We'll dive into some more details in next posts; here, I provide a simplified description.

On a 128-vCPU machine, we initialize a pgbench DB without partitioning involved:

pgbench -i -s 100

and then run a series of '--select-only' pgbench runs with high number of backends ('-c/-j 100'):

pgbench --select-only -c 100 -j 100 -T 120 -P 10 -rn

pgbench's '--select-only' consists of a simple PK lookup, a SELECT to the "pgbench_accounts" table.

We do it in multiple iterations, and after each iteration, we create a new extra index on "pgbench_accounts" -- it doesn't matter which index; what matters is that we don't use '-M prepared', so we know that each call will include planning time, and therefore, all indexes will be locked with AccessShareLock. The very first iteration starts with 2 relations locked – the table itself, and its single index, the PK.
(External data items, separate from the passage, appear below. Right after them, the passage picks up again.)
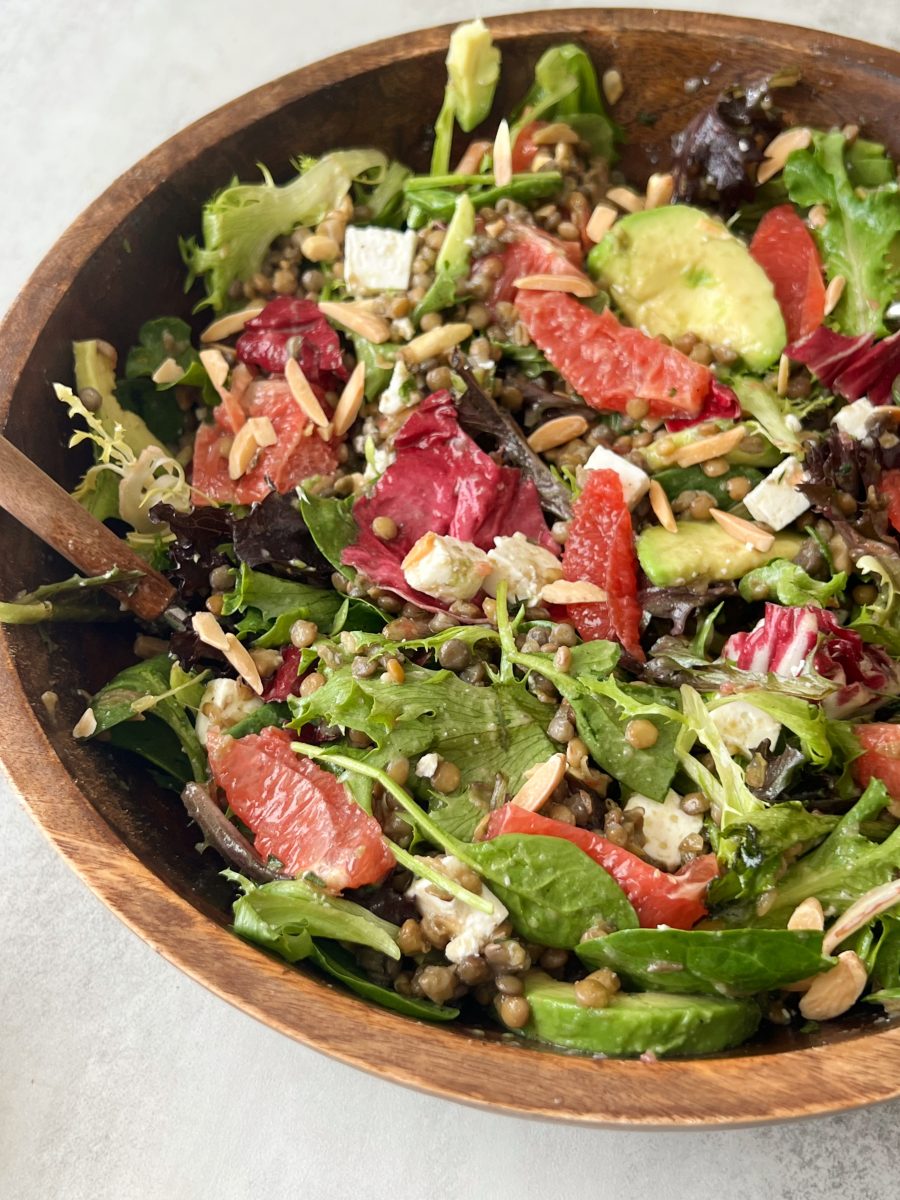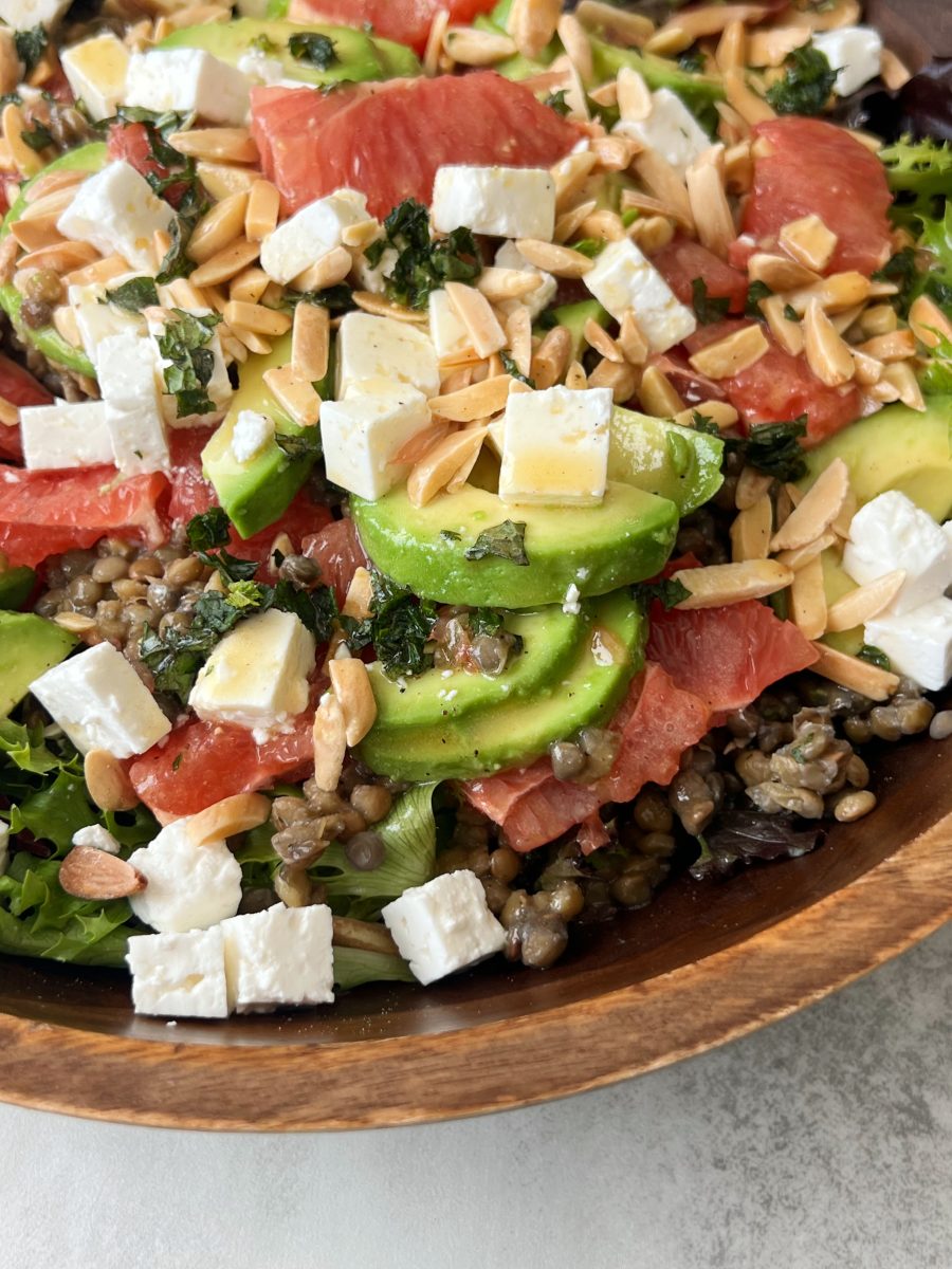 - Add the greens to a large salad bowl with the sliced grapefruit, lentils, avocado, feta, mint and almonds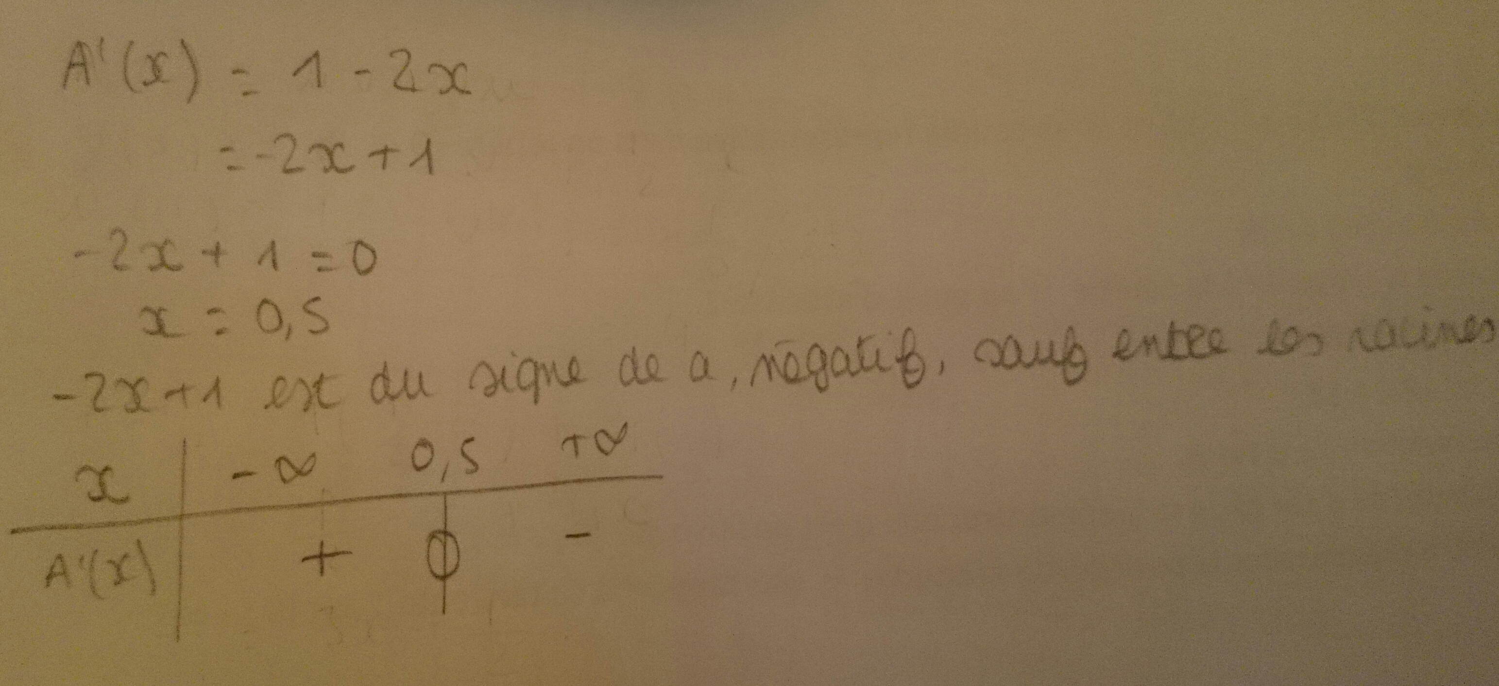 il faut considérer \(\frac{p}{2}\) comme un nombre de sorte que \(A'(x)=-2x+\frac{p}{2}\).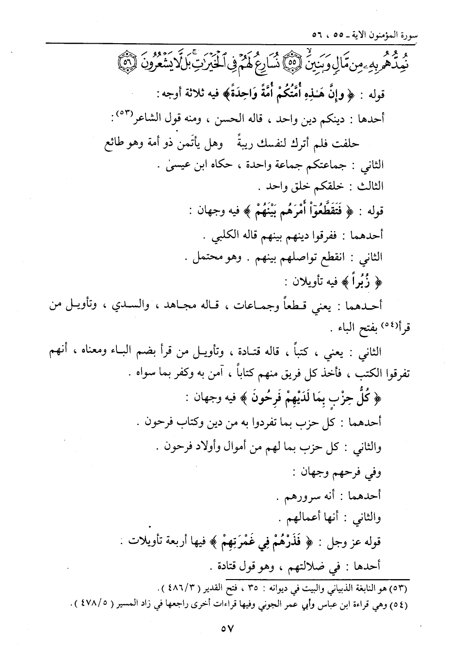 نمدهم به من مال وبنين نسارع لهم في الخيرات بل لا يشعرون} قوله: {وإِنَّ هَذِهِ أُمَّتُكُمْ أُمَّةً وَاحِدةً} فيه ثلاثة أوجه: أحدها: دينكم دين واحد , قاله الحسن , ومنه قول الشاعر: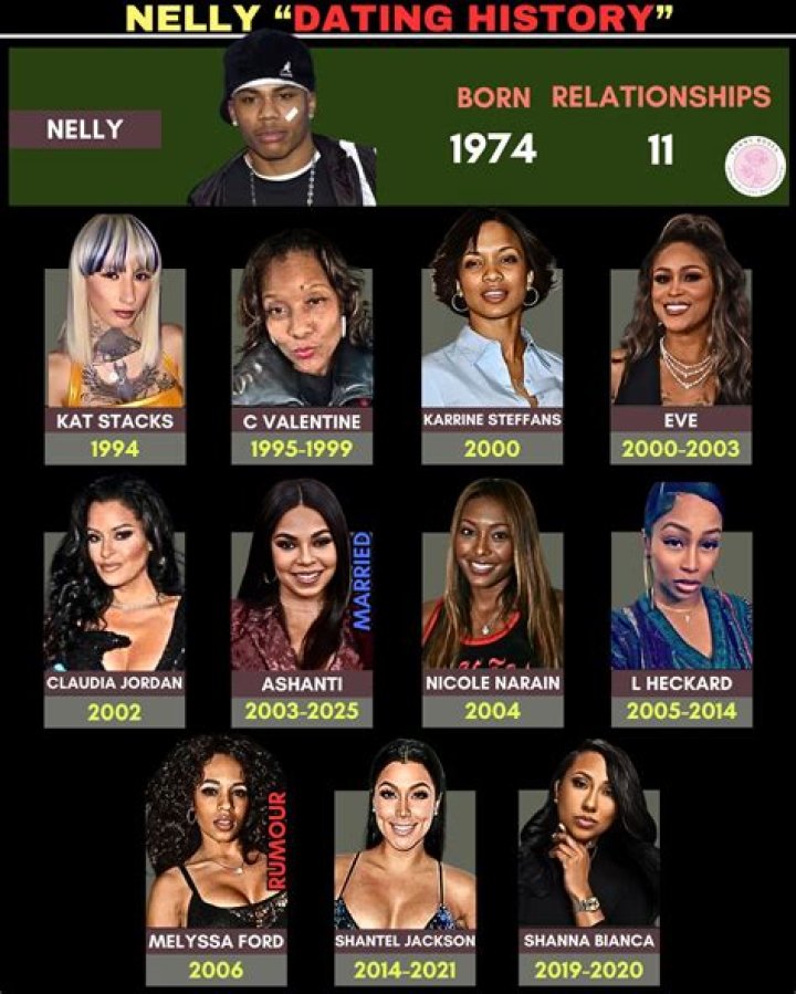 Although Nelly has had a couple of lasting, meaningful relationships, he's also been connected to a number of other women who he was only with for a short time. He dated fellow rapper Eve for several years in the early 2000s, and was also briefly connected to Kelly Rowland and Claudia Jordan during that period. In 2005, he entered a roughly 10 year relationship with Ashanti, and that relationship reportedly ended in part because Nelly was cheating with actress Leshontae Howard.

Thus, when we have 14 extra indexes, the overall number of relations is 1+1+14 = 16 and this fits into standard FP_LOCK_SLOTS_PER_BACKEND slots in PG17 or in PG18+ when max_locks_per_transaction is decreased from default 64 to 16, to match the capacity of PG17.

Let's look at the planning time and execution time separately:

Planning time latency vs number of indexes in PG17 and PG18

Execution time latency vs number of indexes in PG17 and PG18

What can we see here:

  • execution time is stable, doesn't depend on the number of indexes
  • as for the planning time, indeed, up to 14 extra indexes we see only slow growth of latency (locking of each index costs us a little bit of time -- so we can say, that extra indexes always slightly slow down SELECTs, unless prepared statements are used; an interesting fact on its own)
  • and when we have 15 extra indexes, for max_locks_per_transaction=16 in PG18 (or in PG17 regardless of this setting), this becomes a game-changer – we see an obvious sign of a performance cliff, the planning part of the latency jumps
  • while if we keep max_locks_per_transaction at the default 64, or – like in this case, raise to 128, we can keep adding indexes without the planning time being significantly affected

Let's look at wait events:

Wait events comparison showing LWLock:LockManager contention

Here it is, LWLock:LockManager.

Notice how PG 18 with max_locks_per_transaction=16 (top; and PG17 would look similar) shows massive red bars of LWLock:LockManager waits at higher index counts, while PG 18 with max_locks_per_transaction=128 (bottom) stays mostly green (active execution).

But are there downsides?

This is where I'm genuinely curious. The implementation seems almost too good to be true. Let me think through potential tradeoffs:

Memory overhead: with max_locks_per_transaction=64, you get 64 slots per backend. Each slot needs ~4 bytes for the OID plus some bits in fpLockBits. Some hundreds of bytes per backend. Looks negligible.

Strong lock acquisition: here's where it gets interesting. When we take a strong lock (AccessExclusiveLock for DDL like ALTER TABLE or DROP), Postgres needs to scan every backend's fast-path array to transfer matching locks to the main hash table. With, say, 128 slots instead of 16, does this become noticeably slower? In fact, looking at the code (FastPathTransferRelationLocks) - it only scans the relevant group for that relation (still just 16 slots), not the entire array! So even with 1024 groups = 16,384 total slots, it only touches 16 slots per backend. Clever!

The grouping hash: relations are distributed across groups via (relid * 49157) % groups (code here). What if the workload has unfortunate OID patterns that cause clustering? Nope -- the prime number multiplication spreads even consecutive OIDs across groups effectively.

Am I missing something? Would love to hear your thoughts, especially if you've tested this in PG 18 or have ideas for additional benchmarks.

Summary

Fast-path locking lets backends avoid fighting over shared lock tables for common operations like SELECT. PG 17 and earlier: 16 slots per backend. PG 18: scales with max_locks_per_transaction (default 64).

If you have partitioned tables with indexes and see LWLock:LockManager waits, upgrading to PG 18 will likely help you fully solve this kind of contention!

Huge thanks to Tomas Vondra for implementing the optimization that landed in Postgres 18! He has an excellent presentation about this work - highly recommend watching it.